The water from nearby Folsom Lake is similar to that in Kyoto with its low mineral levels, which results in a smooth sake.

Gekkeikan’s tasting room.

California Calrose medium-grain rice is polished to remove 30 to 50 percent of its surface area, before being steeped, steamed and mixed with koji (fungi-innoculated rice), yeast and water to begin the month-long fermentation process. The solids are then separated from the liquid, which is the resulting sake.

At Gekkeikan in Folsom, workers go through an astounding 20,000 pounds of that rice a day to produce 24,000 bottles daily.

You can learn all this for yourself on a self-guided tour at the facility that’s surrounded by a tranquil Japanese garden and koi pond.

Afterward, visit the tasting room to sample for yourself. It’s free for up to five tastes. Enjoy the Haiku, a quite dry sake with hints of apple and pear, or the fun Zipang, a sparkling sake that’s imported from Japan.

Kennedy Tailing Wheels Park

Step back into history at Kennedy Trailing Wheels Park in the town of Jackson in Amador County, once a gold mining site in 1848.

In fact, the Kennedy mine was the deepest gold mine in North America in 1942, plummeting more than a mile below the ground.
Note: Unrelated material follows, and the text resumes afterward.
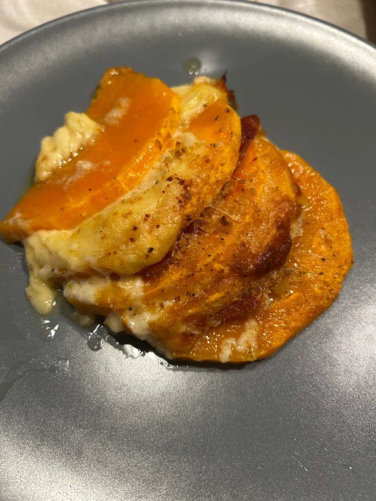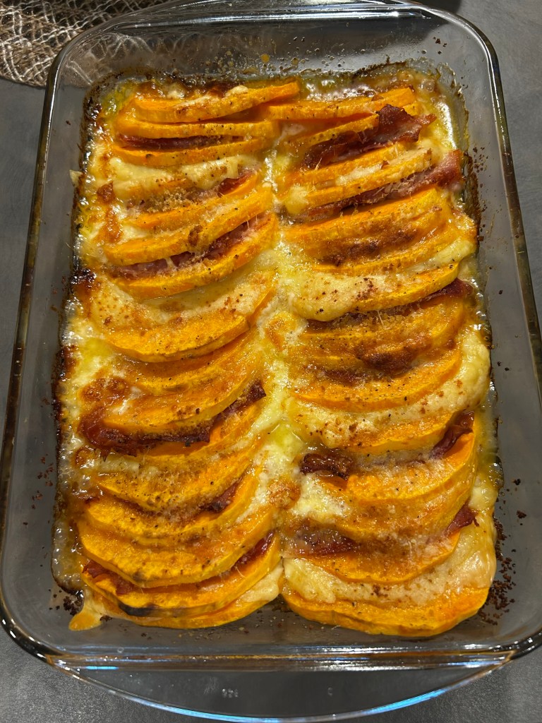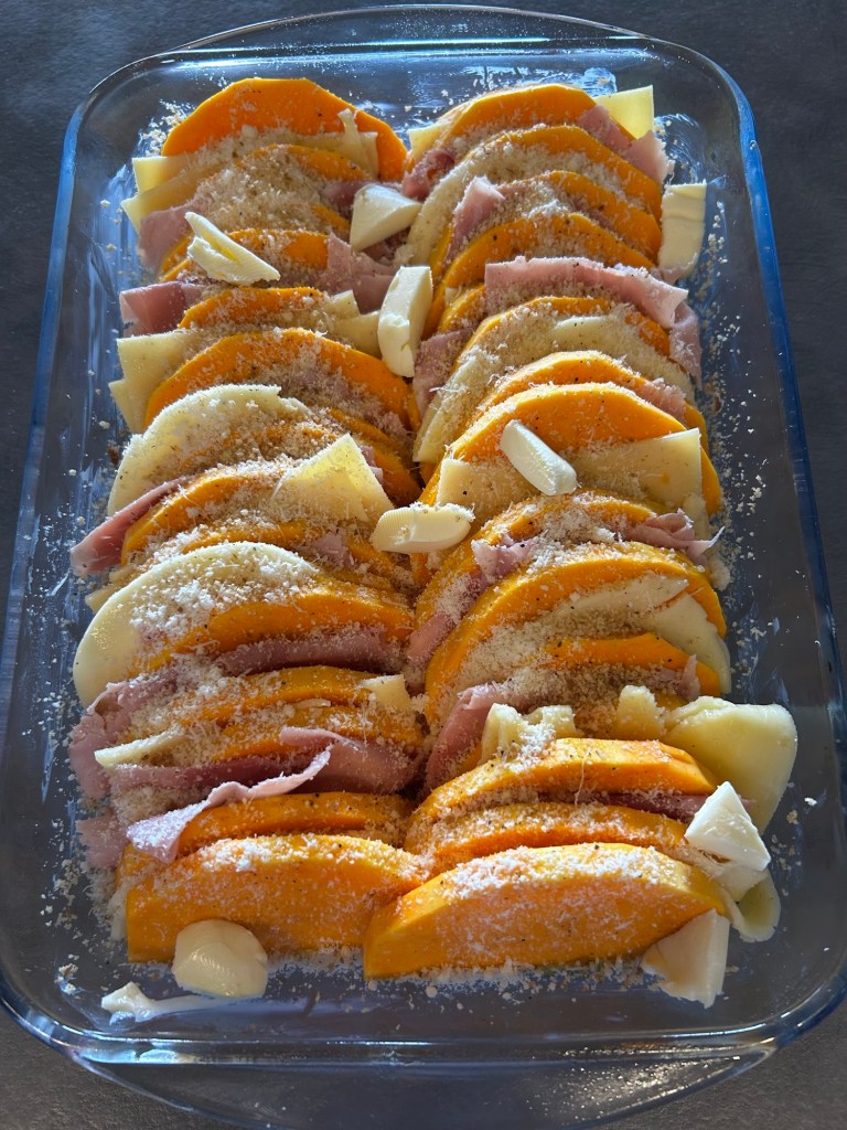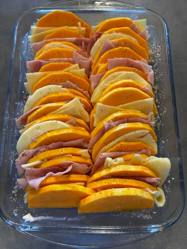 Tempo di zucca, versatile per ricette dolci e salate, una ricetta veramente buona, con il formaggio filante e una crosticina deliziosa, un piatto completo, potete utilizzare la zucca che preferite ma la Butter si presta benissimo perché si ottengono fettine perfette, io ho utilizzato vari tipi di fettine di formaggio per rendere ancora la ricetta più gustosa,la dose di formaggio e prosciutto dipenderà dalla vostra teglia

A series of 68-foot-diameter wheels, protected by steel sheds, were constructed to convey the mine silt (also know as tailing) 24-7 to a basin a mile away.

An illustration of the tailing wheels that used to ferry the silt away from the mine.

The historic wheel.

With the advent of World War II, the U.S. government shut down the mine. The sheds were picked apart to sell for scrap metal, leaving the wheels exposed to the elements.

That is until the city of Jackson, decided to save one of them in 2011. With government grants and private fund-raising to the tune of $800,000, the city managed to construct a shelter to protect the wheel, create a small park and put up an educational kiosk.

Today, you can view the massive wheel through the soaring glass-paned windows and imagine a time when gold was king.